40 pages • 1 hour read
Elizabeth KolbertUnder a White Sky: The Nature of the Future
Nonfiction | Book | Adult | Published in 2021A modern alternative to SparkNotes and CliffsNotes, SuperSummary offers high-quality Study Guides with detailed chapter summaries and analysis of major themes, characters, and more.
Part 2Chapter Summaries & Analyses
Part 2: “Into the Wild”
Part 2, Chapter 1 Summary
A group of prospectors crossing through the inhospitable terrain of Southwestern Nevada in the 19th century discovered a cavern they named the Devil’s Hole, an opening to an underground aquifer that houses a population of small fish known as Devils Hole pupfish. These fish are some of the rarest in the world: Four times a year, federal and state scientists in scuba gear count the fish, which have evolved to survive in the pool’s extreme conditions.

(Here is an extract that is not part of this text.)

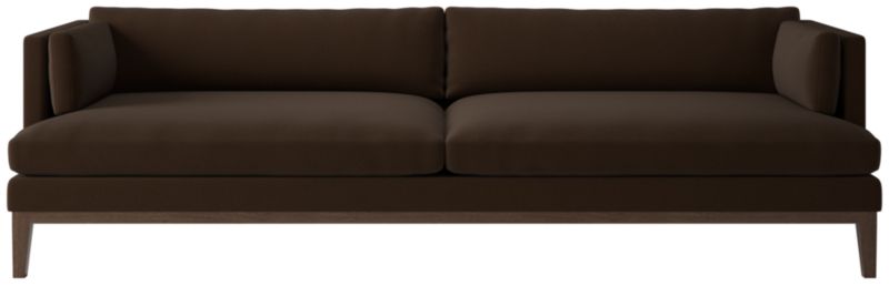 Assembled in Mississippi, modern sofa by Melbourne-based design studio VUUE is made for lounging. Slim arms, tapered legs, deep cushions and a bullnose ash wood base all speak to the sofa's casual style. Upholstered in a linen-blend fabric with a performance finish. CB2 exclusive.

A mile from Devils Hole, a replica of the cavern has been constructed from concrete and fiberglass, its contours an exact copy of the original. Even the algae and invertebrates that inhabit the real pool have been recreated. Finished in 2013, when the wild population hit a low point, the facility now houses about 50 fish. The facsimile is a response to the problems facing the real version. In the 1960s, a developer used the aquifer to grow alfalfa, which caused the water levels to drop, endangering the pupfish. In the 1970s, the federal government sued the developer and the draining stopped, but water levels never fully recovered, so federal agencies have had to supplement the cavern’s food, making the wild fish and those in the fake tank highly dependent on people for survival. Human intervention saved other imperiled desert pupfish as well. Biologists try to save these fish from predators, even as more predators are being introduced as people empty their aquariums into lakes.
Part 2, Chapter 2 Summary
Marine biologist Ruth Gates began studying coral reefs in the 1980s. Threats to corals have multiplied from development, to overfishing and pollution, to rising ocean temperatures, to marine heat waves that lead to bleaching. After noticing that some coral reefs were able to recover from damage, Ruth pursued research on what she called “super corals,” studying whether corals that survived artificially stressful conditions could be crossbred, and ultimately “to seed the reefs of the future” (94).

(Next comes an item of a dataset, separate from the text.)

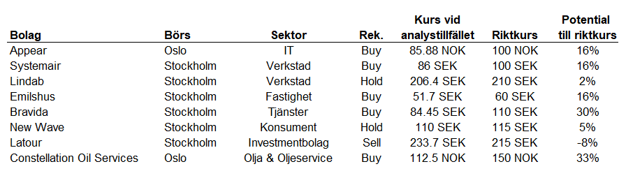 Störst uppsida i det nya bolagsuniverset ser analytikerna i installationsbolaget Bravida, med cirka 30 procents kurspotential till riktkurs. Även det norska oljeservicebolaget Constellation Oil Services sticker ut, med drygt 30 procents uppsida enligt analysen.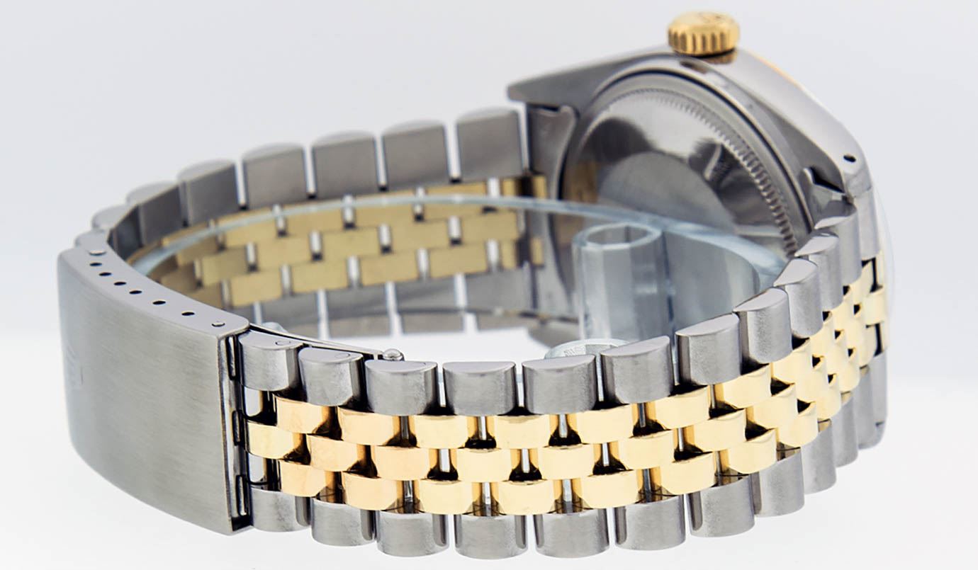 One Mens 14K Yellow Gold Two Tone Rolex Datejust Polished, Serviced & Electronically Tested, 14K Yellow Gold & Stainless Steel Case: 36mm,14K Yellow Gold Crown, Bezel: 14K Yellow Gold Fluted Bezel. Custom Crystal: New Acrylic Cyclops Lens. Custom Hands: New Luminecent Hands. Movement: Automatic Winding Movement Caliber 3035. Custom Dial: Mother Of Pearl Roman With Square Track. Date Window: 3 O'Clock Position Date Display, Quickset, Model: 16013 Datejust. Condition: G-6 Extra Fine. Bracelet:Two Tone 14K Yellow Gold & Stainless Steel Jubilee. Bright Polish. 7.0 Inch Length, Adjustable. Standard Clasp, With Rolex Logo. This Watch Has Been Serviced Time Tested And Is In Excellent Condition It Is Free Of All Scratches And Dents.

While Gates died prematurely, her research—now known as “assisted evolution”—continued in Australia, where a marine heat wave in 2016 affected 90% of the Great Barrier Reef, making finding solutions even more urgent. Kolbert explores some of those solutions at a lab in Townsville, where the conditions of the ocean are recreated for corals that live in tanks that spawn in concert with wild corals. The goal of the super coral team is to use the gametes released in this spawning event to breed more resilient corals that could survive in future oceans.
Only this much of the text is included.